Mumbai, Auto component maker Rane Group firm, Rane (Madras) Ltd, on Tuesday said it has entered into an agreement with Hindustan Composites to acquire the friction business for an enterprise value of Rs 370 crore.

As part of the acquisition, which is subject to terms of agreement, RML also acquires the brand “COMPO”, which reinforces Rane’s leadership position by expanding its reach across segments, distributors, fleet operators and aftermarket channels, the Chennai-based company said.

The transaction, remains subject to customary regulatory approvals and closing conditions, is expected to be completed by the end of the second quarter, the company said.

HCL’s friction business is a leading supplier of friction materials, with over six decades of experience across the automotive, railway, farm tractor, and industrial sectors, and having a product portfolio that includes brake linings, brake pads, brake blocks, clutch facings, and industrial friction products, backed by in-house R&D and a pan-India distribution network.

It operates two manufacturing facilities in Paithan and Bhandara in Maharashtra.

Based on the latest audited financial results, friction business reported revenue of Rs 315.04 crore and a profit before tax of Rs 40.29 crore.

Upon completion, the acquisition will create a Rs 1,000-plus crore friction materials business, establishing RML as the market leader across all major segments, it said.
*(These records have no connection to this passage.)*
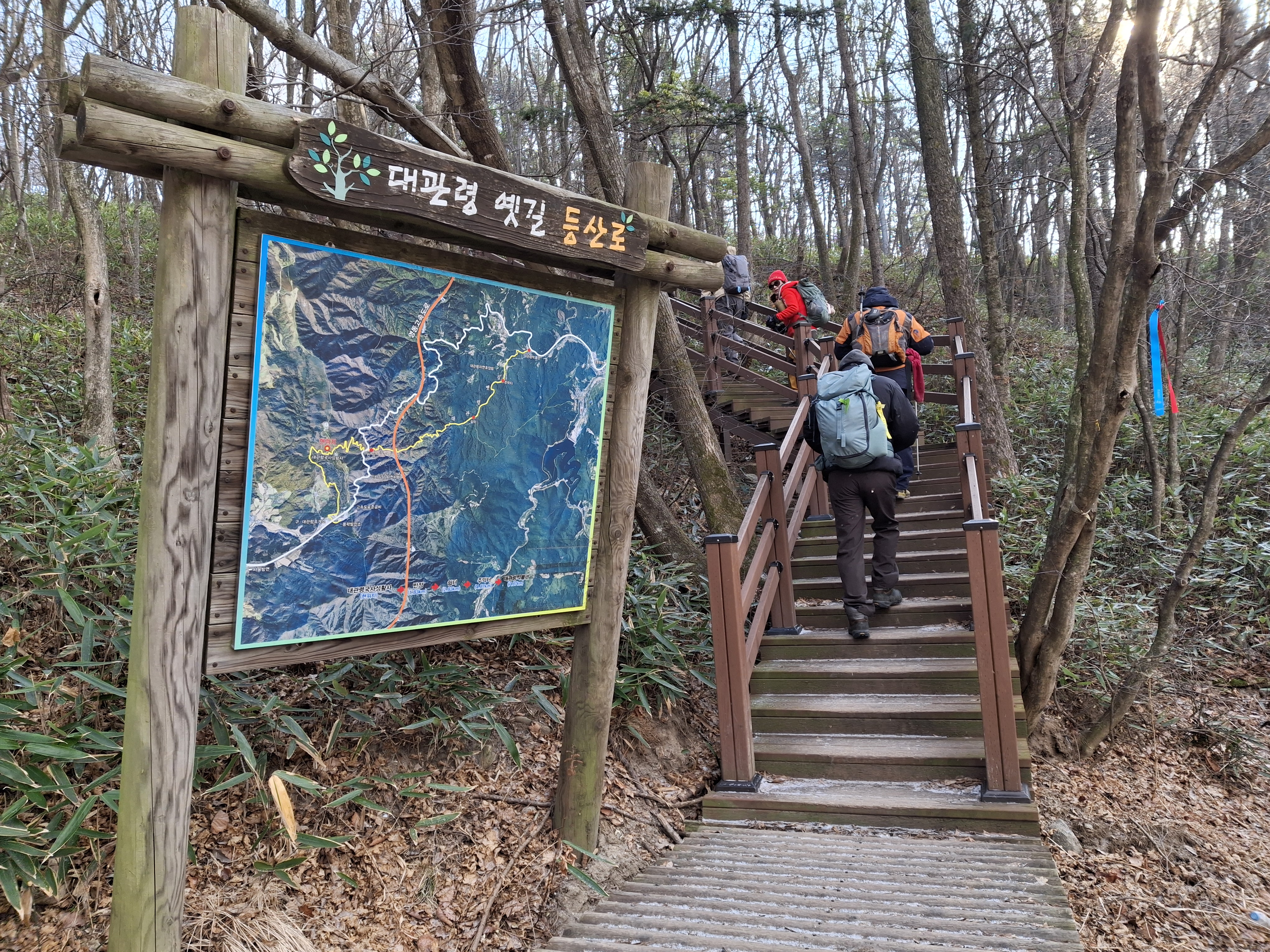 ● 산행 코스 : 대관령 마을휴게소 → 백두대간 접속 → 국사성황사 입구 → 무선표지소 → 새봉 전망대(×1050.4m) →
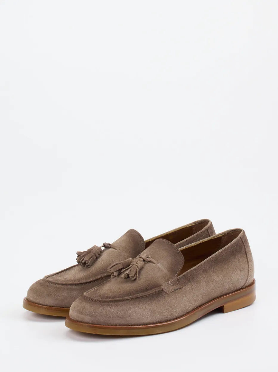 Ideal für Büro-Outfits oder entspannte Anlässe mit stilvoller Note: Das Modell aus hochwertigem Veloursleder, samtig angeschliffen und in ruhigem Taupe gehalten, wirkt dank Quasten, Mokassin-Ziernähten und klassischer Schlupfform zeitlos-elegant. Ton-in-Ton-Nähte und ein feines Lederfutter unterstreichen die edle Verarbeitung. Die durchgenähte Ledersohle mit gummiertem Noppenprofil sorgt für sicheren Tritt. Kombiniert mit Chinos und Leinenhemd entsteht ein dezenter „Quiet Luxury“-Look.
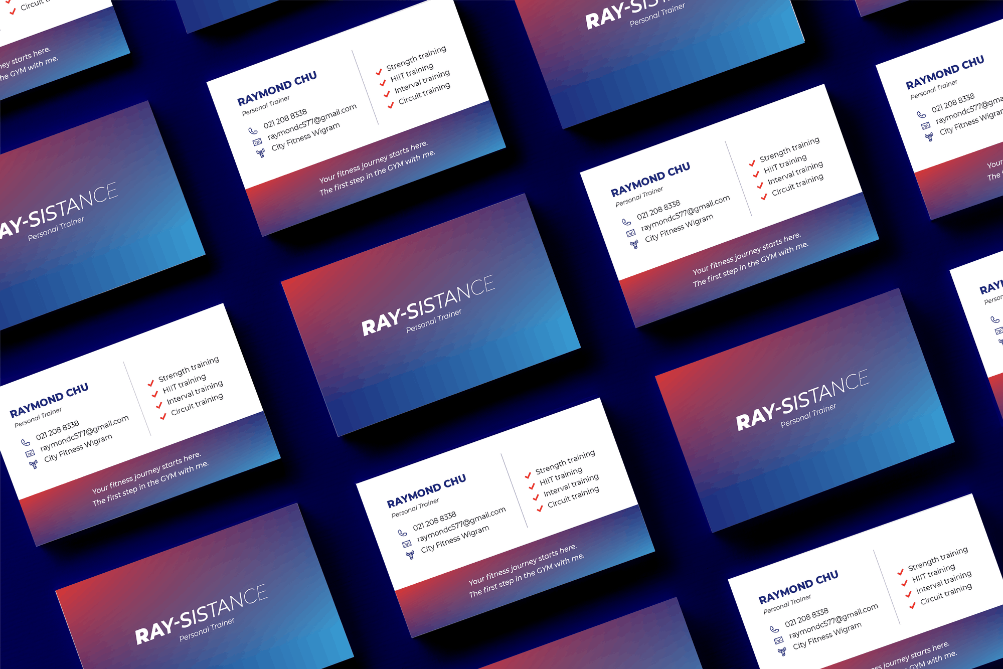 Welcome to the world of personalised fitness journeys! In this portfolio project, Business cards tailored specifically for Raymond Chu, a personal at City Fitness. Each card encapsulates the essence of the unique personality, blending professionalism with a touch of personal flair. From vibrant colors that radiate energy to sleek typography that exudes expertise, these business cards are more than just contact information – they're a reflection of your dedication to helping clients achieve their fitness goals. Let your business cards speak volumes about your commitment to health and wellness, leaving a lasting impression on potential clients at every handshake.

“This acquisition leverages Rane’s ability to create a market-leading friction solutions platform. By integrating these complementary businesses, we are uniquely positioned to address the evolving needs of India’s transportation needs while driving operational excellence and long-term value for our stakeholders,” said Harish Lakshman, Chairman, Rane Group.

RML said it already has a leadership in the friction business, spanning passenger vehicles, two-wheelers, aftermarket and railways, alongside an export business aggregating revenue of over Rs 700 crore.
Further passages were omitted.